If the selfie craze hadn’t happened, we might not be where we are, according to Toby Rush, CEO and founder of EyeVerify, which makes eye-recognition technology called Eyeprint ID. According to Rush, selfies were just starting to take off when his team began working on their technology, and not every phone had a high-res front camera. “We were naive. We thought people would turn their phones around,” he laughed.

Thankfully, our lust for photos of ourselves sparked a wave of new hardware that Rush’s team was able to ride right alongside preteens snapping selfies. “All of a sudden, every smartphone manufacturer wanted to put a 5 or an 8-megapixel camera on the front of a phone,” Toby remembers. Apple’s introduction of TouchID on the iPhone 5S, he adds, played a big part in bringing attention to the world of biometric authentication.

Not more secure, more convenient

Why should our phones scan our eyes instead of our fingerprints? They shouldn’t.

“We don’t see EyePrint as an alternative to fingerprint scanning, we see it as an addition to it,” Rush explains. “When you think about biometrics, there is no right or wrong, but you do need to think about what the user is doing the vast majority of the time when they want to authenticate an action.”

“It’s not more security, it’s more convenience.”

“Heartrate makes a perfect biometric for smartwatches, but don’t make me talk, touch, or look at it. But with a smartphone, you’re either touching or looking at it, and some of the companies we’re working with — on flagship phones — want to provide both. It’s not more security, it’s more convenience.”

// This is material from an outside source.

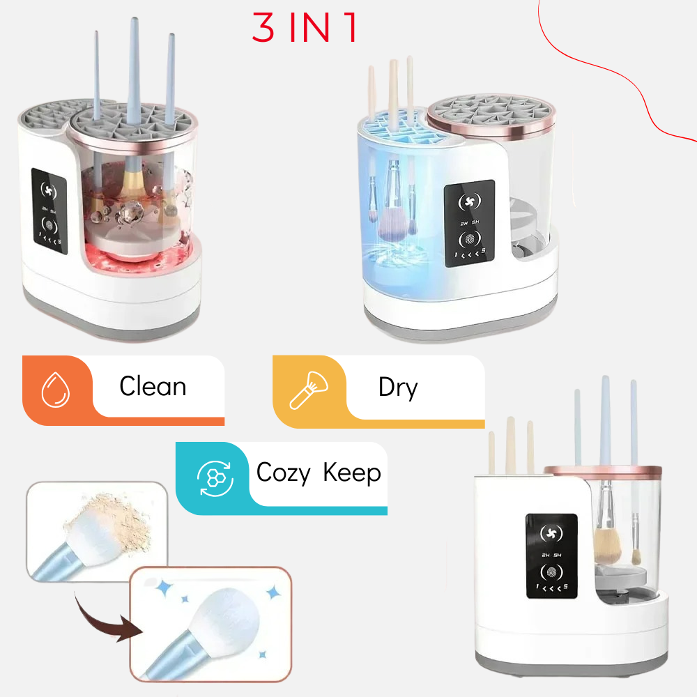 ✔ All-in-One Design: Washes and dries your brushes in the same machine – no sink mess, no waiting overnight.

EyeVerify’s technology impressed when we saw it on the ZTE Grand S3 back at CES this year. It works by matching the blood vessels in the whites of our eyes, each one of which is like mapping 100 unique points-of-interest on a map, and then another 100 points-of-interest on each one when you zoom in. It’s not the same as iris or retina scanning, and both of these require special camera hardware to measure. EyeVerify’s method, as we’ve already found, only needs a selfie cam.

No additional hardware needed

Without additional hardware cost, even low-end phones can incorporate eye recognition without spending out on an extra component. However, is a low-res front camera up to the job of looking deeply into our eyes?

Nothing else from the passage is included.